Figure 3. The relative expression of ANXA4 between atrial fibrillation and sinus rhythm. (A) The relative expression of ANXA4 verified by three datasets. (B) The relative expression of ANXA4 in left atrial appendage tissues. **p < 0.01, ****p < 0.0001.

The Expression of ANXA4 in Different Cancer Types

Data of diverse tumor cell lines were downloaded from the CCLE database. Expression levels of ANXA4 in different cell lines were calculated, and as shown in Figure 4A, ANXA4 expressed stably in 21 tumor cell lines. Then ANXA4 expression levels between tumor and normal tissues were analyzed using data from the TCGA database. The results demonstrated that expression levels of ANXA4 were significantly increased in most cancer types, including BLCA, CHOL, COAD, ESCA, GBM, HNSC, KIRC, KIRP, LIHC, READ, and STAD (Figure 4B). We then combined with the GTEx database to analyze the expression differences of ANXA4 between tumor tissues and normal tissues in 27 different cancer types due to small numbers of normal tissues in TCGA. The results suggested that ANXA4 expression levels were higher in CHOL, COAD, GBM, HNSC, KIRC, KIRP, LIHC, PAAD, READ, and STAD, indicating ANXA4 might act as an oncogene in many cancer types (Figure 4C).

FIGURE 4

Figure 4. ANXA4 expression in different cancer types. (A) Expression levels of ANXA4 in different cancer cell lines. (B) Expression levels of ANXA4 in TCGA. (C) Expression levels of ANXA4 in combination with the GTEx database and TCGA. *p < 0.05, **p < 0.01, ***p < 0.001.

Survival Analysis

The associations between OS of patients and ANXA4 expression levels were analyzed using Kaplan-Meier survival analysis. The results indicated that increased ANXA4 expression levels negatively correlated with OS significantly in KIRP (p < 0.0001), LAML (p = 0.0017), LGG (p < 0.0001), and UVM (p < 0.0001), while positively correlated with OS in KIRC (p < 0.0001) (Figure 5).
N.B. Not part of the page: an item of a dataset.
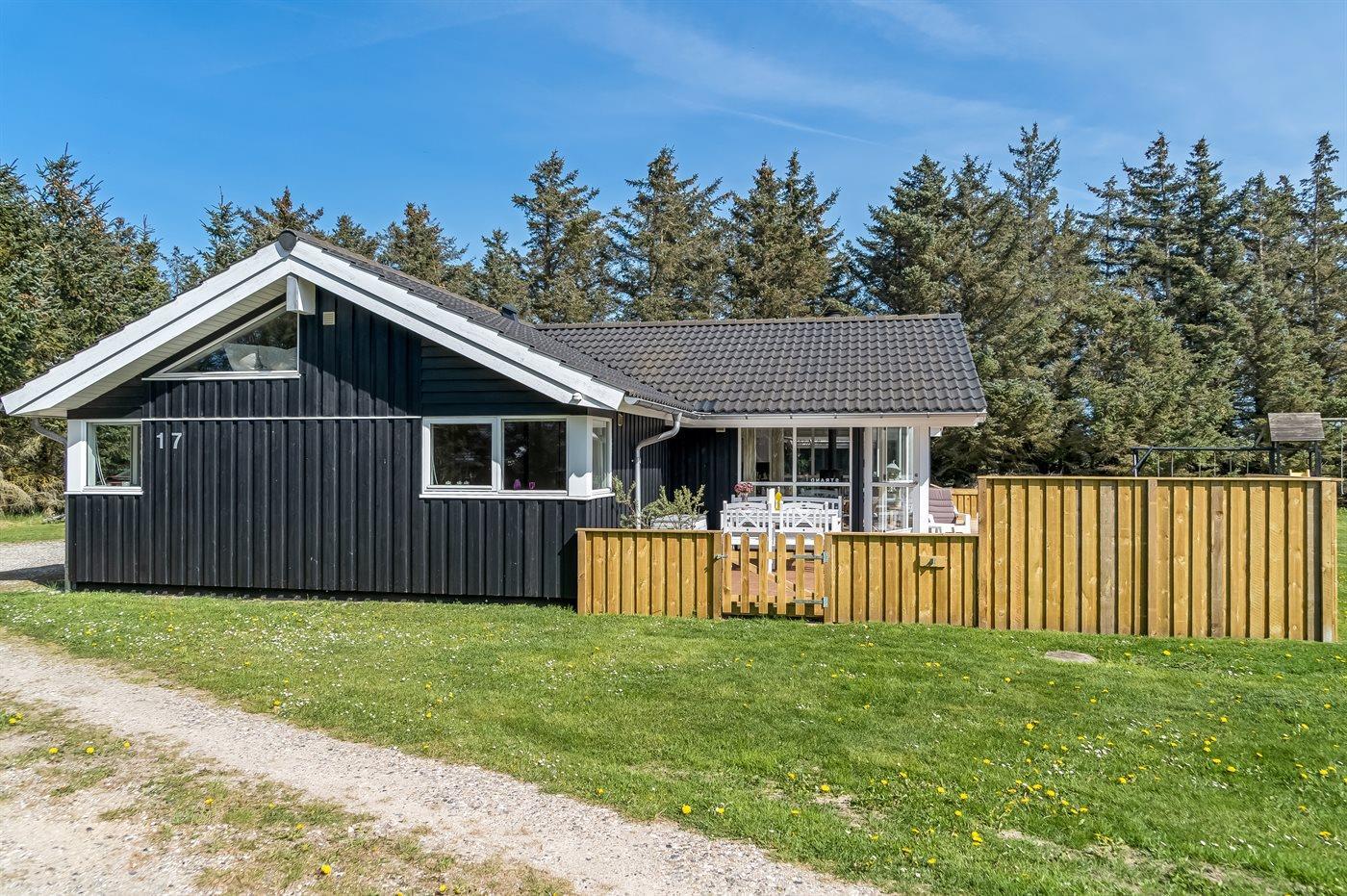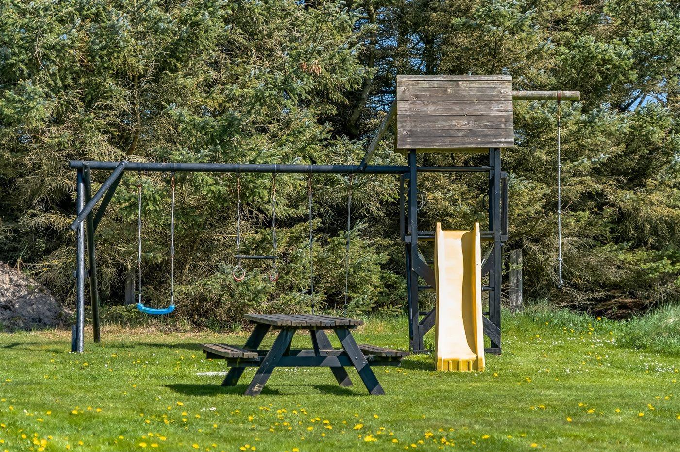 Ferieboligen er beliggende på en 2500 m² stor naturgrund. Der er 1000 m til havet. Nærmeste forretning er beliggende i en afstand af 3000 m. Til ferieboligen hører 1 m² terrasseareal. Til ferieboligen hører åbent terrasseareal. Desuden er der overdækket terrasse. Der er 150 m2 indhegnet terrasse, hvor hegnet er 75 cm høj. Gynge. Trampolin. Legetårn. Rutchebane. Fodboldmål. Grill til rådighed. Der er installeret stik til opladning af elbil. Parkering ved ferieboligen.

Furthermore, high expression levels of ANXA4 were found to result in low DSS in patients with KIRP (p < 0.0001), LGG (p < 0.0001), and UVM (p < 0.0001), while result in high DSS in patients with KIRC (p < 0.0001) (Supplementary Figures 1A,C). Moreover, the correlations between PFI and ANXA4 expression levels were also calculated, and we found that higher ANXA4 expression was associated with lower PFI in KIRP (p < 0.0001), LGG (p < 0.0001), and UVM (p = 0.00042) (Supplementary Figures 1B,D). Results of survival analysis suggested prognostic significance of ANXA4 expression levels in diverse cancer types.

FIGURE 5

Figure 5. Relationships between ANXA4 expression levels and prognosis. (A) Forest plots of overall survival (OS). (B) Kaplan-Meier curves for OS.

Immune Infiltration

To determine the role of ANXA4 in tumor infiltrating lymphocytes abundance, the TIMER database was applied to estimate correlations between ANXA4 expression and infiltration levels of different immune cells (Figures 6A,C). The results indicated that ANXA4 expression was significantly associated with B cell in 15 cancer types, macrophage in 17 cancer types, dendritic cell in 20 cancer types, neutrophil in 16 cancer types, CD4⁺ T cell in 14 cancer types, and CD8⁺ T cell in 16 cancer types. The expression levels of ANXA4 were markedly positively correlated with infiltrating immune cells in most cancer types, especially in LGG, LIHC, PCPG, PRAD, and THCA. Only in ESCA and MESO, ANXA4 levels suggested no significant correlation with any immune cells. Further analysis utilizing the xCell online tool also demonstrated the association between ANXA4 levels and infiltrating immune cells (Figure 6B). Higher ANXA4 expression significantly decreased CD4⁺ Th1 cells across 30 cancer types. ESTIMATE algorithm was used to calculate the stromal score, immune score, and estimate score of infiltration of stromal cells and immunocytes (Figures 6D–F). Cancer types significantly correlated with these three scores included BRCA, CESC, DLBC, GBM, LGG, LIHC, OV, PCPG, PRAD, TGCT, and UCS. The most three tumor types relevant to ANXA4 expression levels were DLBC, GBM, and UCS (immune score), DLBC, GBM, and UCS (estimate score), TGCT, GBM, and THYM (stromal score). Immune checkpoints were essential in immune response and immunotherapy. Correlations between expression levels of ANXA4 and common immune checkpoints were also examined (Figure 6G).

FIGURE 6

Figure 6. Correlations between ANXA4 expression and immune infiltration. (A) Correlations between ANXA4 expression levels and immune infiltration in the TIMER database. (B) Correlations between ANXA4 expression levels and immune infiltration utilizing xCell. (C) Relationships between ANXA4 expression levels and immune infiltrate in top three relevant tumor types. (D) Immune score calculated through ESITIMATE. (E) Estimate score calculated through ESITIMATE. (F) Stromal score calculated through ESITIMATE. (G) Correlations between ANXA4 expression levels and immune checkpoints markers. *p < 0.05, **p < 0.01, ***p < 0.001.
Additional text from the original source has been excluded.